I have to say, the foliage is lovely.


----------



## tomkalina (Dec 12, 2019)

You can always grow it one as a foliage plant and hope for the best as far as blooming it. That's if you have enough space.


----------



## Silverwhisp (Dec 12, 2019)

Thanks, Tom. I have do enough space, at the moment.


----------



## Linus_Cello (Dec 12, 2019)

Does the tag indicate the Roth parent? Some Roths are reluctant to bloom; if it's one of these, then yes a foliage plant (I have 2 of these as foliage plant, and 3 dolgoldi's also foliage plants).


----------



## Silverwhisp (Dec 12, 2019)

Linus—unfortunately, it does not.


----------



## Greenpaph (Dec 13, 2019)

Pat,
I have a Delrosii from the Bill Romanoff collection. I have had it for at least 25 years. I only bloomed it once a few years ago! Brought it from very light (Cattleya) to a shadier spot. I agree with Tom K. Get a more recently made hybrid.


----------



## Silverwhisp (Dec 13, 2019)

Greenpaph said:


> Pat,
> I have a Delrosii from the Bill Romanoff collection. I have had it for at least 25 years. I only bloomed it once a few years ago! Brought it from very light (Cattleya) to a shadier spot. I agree with Tom K. Get a more recently made hybrid.
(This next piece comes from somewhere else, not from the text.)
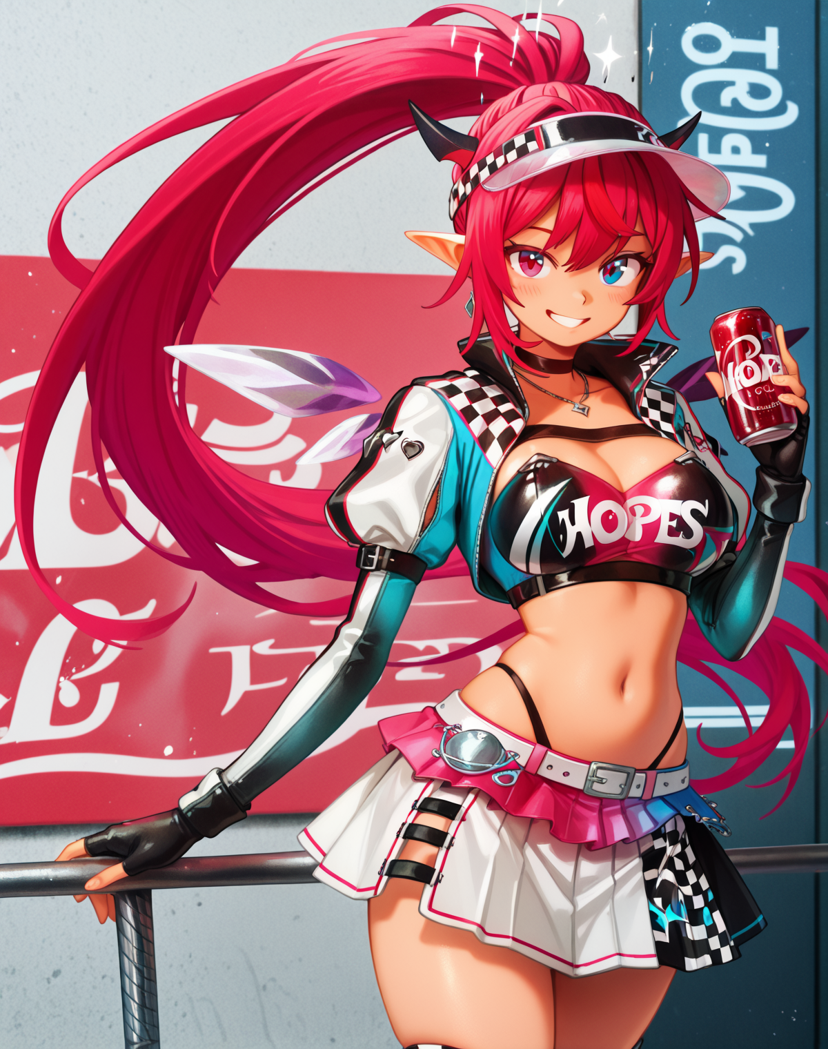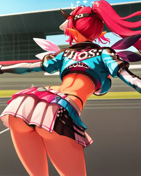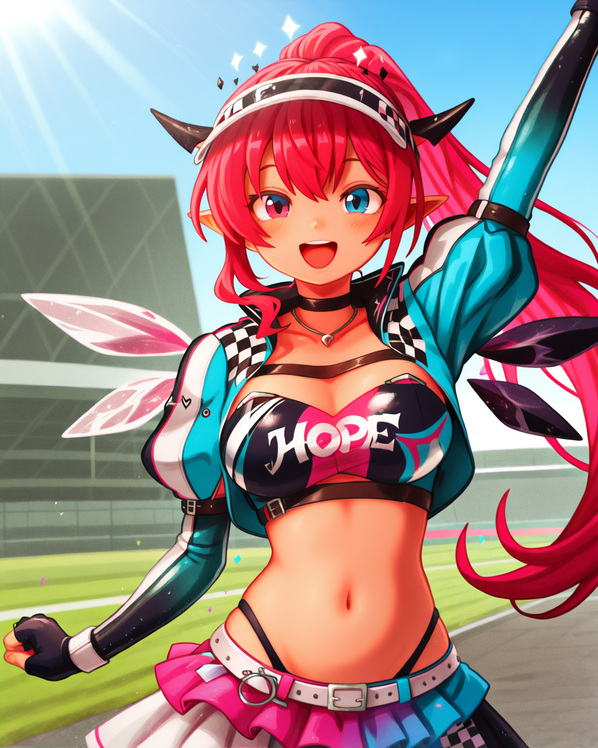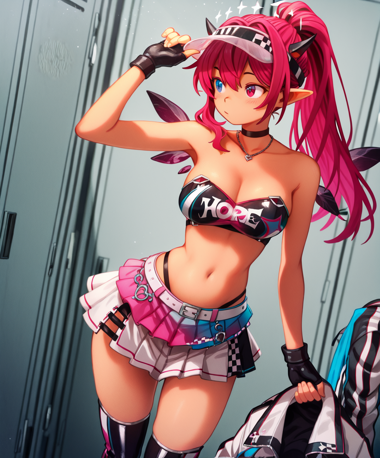 복장 태그: 포니테일, 이질성 색채, 손가락 없는 장갑, 초커, 레이스퀸, 벨트, 날개, 투명 헬멧, 줄인 재킷, 목걸이, 치마, 허벅지 부츠

Oh dear! Once in 25 years.... well, by that calculation, mine should be about due (2019-1993 = 26 years)!


----------



## Ozpaph (Dec 14, 2019)

Give it high light for a year - then the rubbish bin


----------



## Silverwhisp (Dec 14, 2019)

Ozpaph said:


> Give it high light for a year - then the rubbish bin


Thanks. It’ll definitely get a year. High light is no problem, either.


----------